## TASK BRIEF
The needed output is the run of lines below from the one containing "1. CUCUMARIA HYNDMANNI." through the one containing "Night Owls is", copied exactly and free of pictures.

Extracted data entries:
......
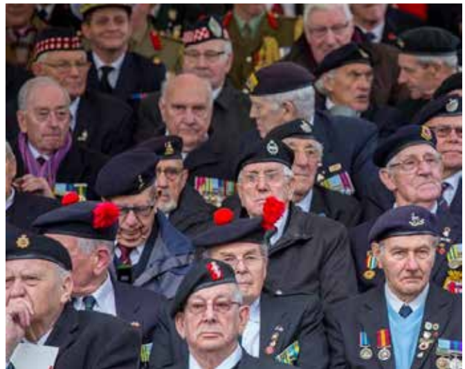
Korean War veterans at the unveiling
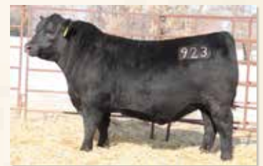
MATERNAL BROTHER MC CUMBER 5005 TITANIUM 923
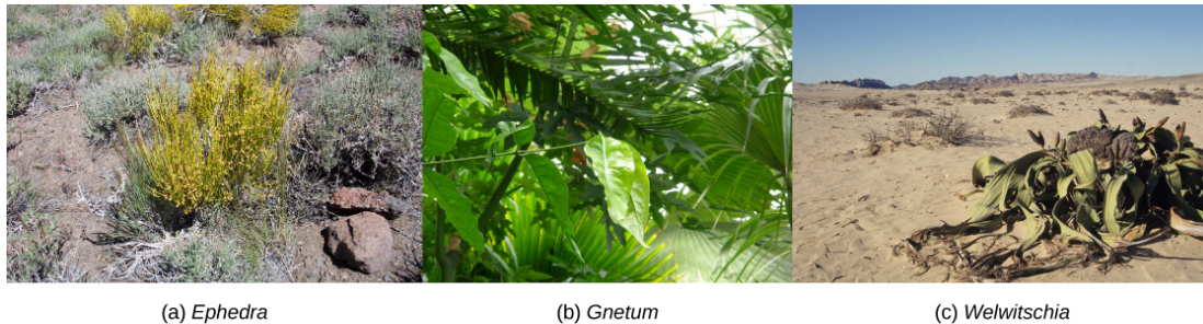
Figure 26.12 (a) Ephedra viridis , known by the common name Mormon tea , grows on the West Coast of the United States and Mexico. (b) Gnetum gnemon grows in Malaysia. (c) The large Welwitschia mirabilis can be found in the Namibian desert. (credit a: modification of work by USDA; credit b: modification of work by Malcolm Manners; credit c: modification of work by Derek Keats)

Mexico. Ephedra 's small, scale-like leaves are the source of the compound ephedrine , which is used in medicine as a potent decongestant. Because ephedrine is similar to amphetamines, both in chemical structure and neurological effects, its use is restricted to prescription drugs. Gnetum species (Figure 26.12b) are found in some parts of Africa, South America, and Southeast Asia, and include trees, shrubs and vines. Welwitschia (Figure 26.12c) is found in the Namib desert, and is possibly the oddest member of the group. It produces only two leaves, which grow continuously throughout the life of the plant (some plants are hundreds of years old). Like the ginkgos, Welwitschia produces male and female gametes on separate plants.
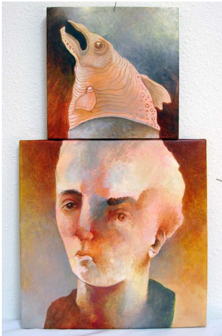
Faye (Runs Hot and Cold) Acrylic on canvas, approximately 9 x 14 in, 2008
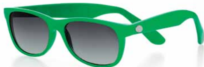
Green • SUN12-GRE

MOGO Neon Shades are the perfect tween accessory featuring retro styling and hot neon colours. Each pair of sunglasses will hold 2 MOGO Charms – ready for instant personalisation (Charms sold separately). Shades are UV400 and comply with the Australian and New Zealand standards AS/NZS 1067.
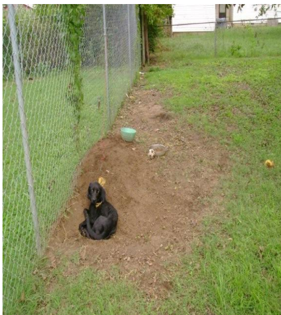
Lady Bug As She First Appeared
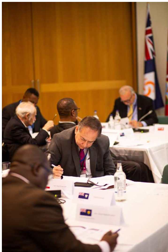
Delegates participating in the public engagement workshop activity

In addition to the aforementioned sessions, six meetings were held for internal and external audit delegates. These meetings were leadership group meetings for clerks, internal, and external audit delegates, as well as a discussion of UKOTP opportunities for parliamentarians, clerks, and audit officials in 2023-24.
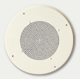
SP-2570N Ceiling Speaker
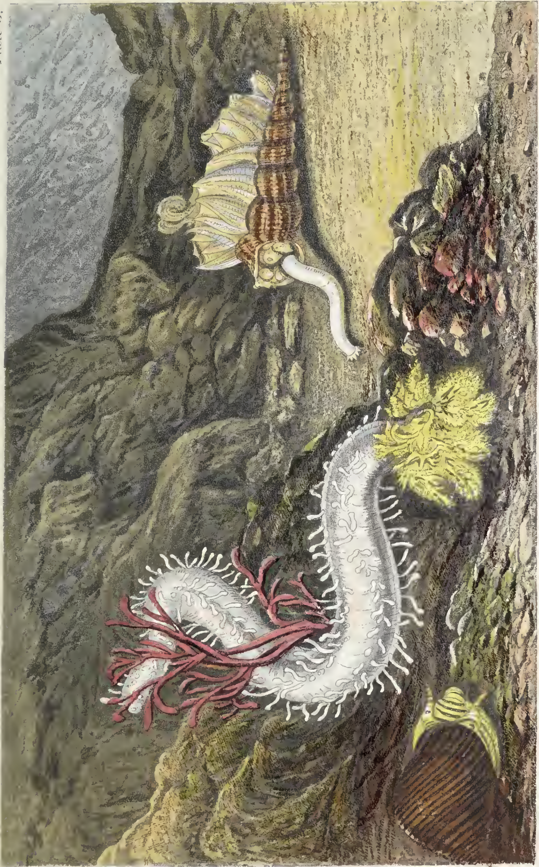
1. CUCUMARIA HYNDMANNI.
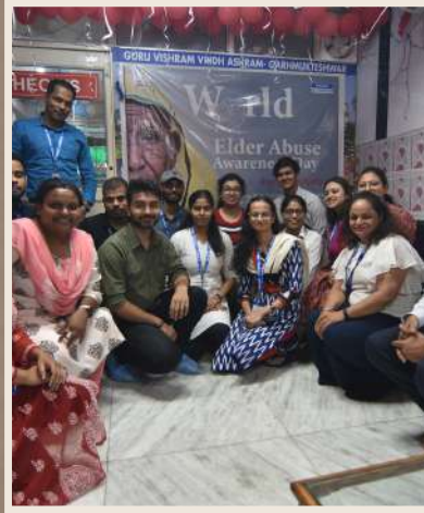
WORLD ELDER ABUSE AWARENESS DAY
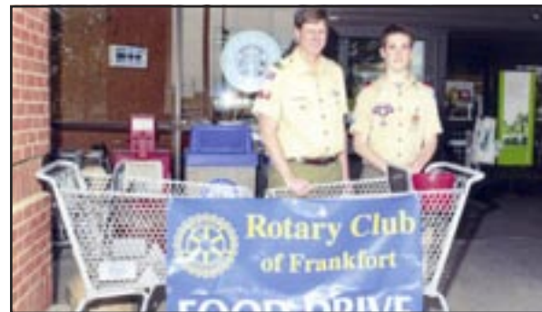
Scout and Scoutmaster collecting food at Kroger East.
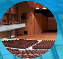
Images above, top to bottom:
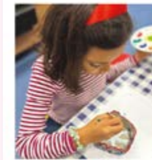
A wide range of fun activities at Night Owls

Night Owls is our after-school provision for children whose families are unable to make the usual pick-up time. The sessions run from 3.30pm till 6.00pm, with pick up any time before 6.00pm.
......
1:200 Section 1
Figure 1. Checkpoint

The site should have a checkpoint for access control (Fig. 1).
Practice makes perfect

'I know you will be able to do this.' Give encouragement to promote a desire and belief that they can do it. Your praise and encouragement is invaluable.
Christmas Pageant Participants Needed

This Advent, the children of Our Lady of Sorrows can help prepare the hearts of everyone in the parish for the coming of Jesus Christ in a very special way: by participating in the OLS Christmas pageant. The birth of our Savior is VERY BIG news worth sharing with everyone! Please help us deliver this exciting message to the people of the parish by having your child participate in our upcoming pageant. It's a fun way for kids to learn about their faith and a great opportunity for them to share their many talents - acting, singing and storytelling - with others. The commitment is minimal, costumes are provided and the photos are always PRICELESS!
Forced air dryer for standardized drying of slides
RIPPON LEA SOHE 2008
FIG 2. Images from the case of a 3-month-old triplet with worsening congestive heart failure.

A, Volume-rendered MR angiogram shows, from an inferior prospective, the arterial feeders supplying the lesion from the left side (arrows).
......
## EXERCISE RESULT
1. CUCUMARIA HYNDMANNI.
WORLD ELDER ABUSE AWARENESS DAY
Scout and Scoutmaster collecting food at Kroger East.
Images above, top to bottom:
A wide range of fun activities at Night Owls

Night Owls is our after-school provision for children whose families are unable to make the usual pick-up time. The sessions run from 3.30pm till 6.00pm, with pick up any time before 6.00pm.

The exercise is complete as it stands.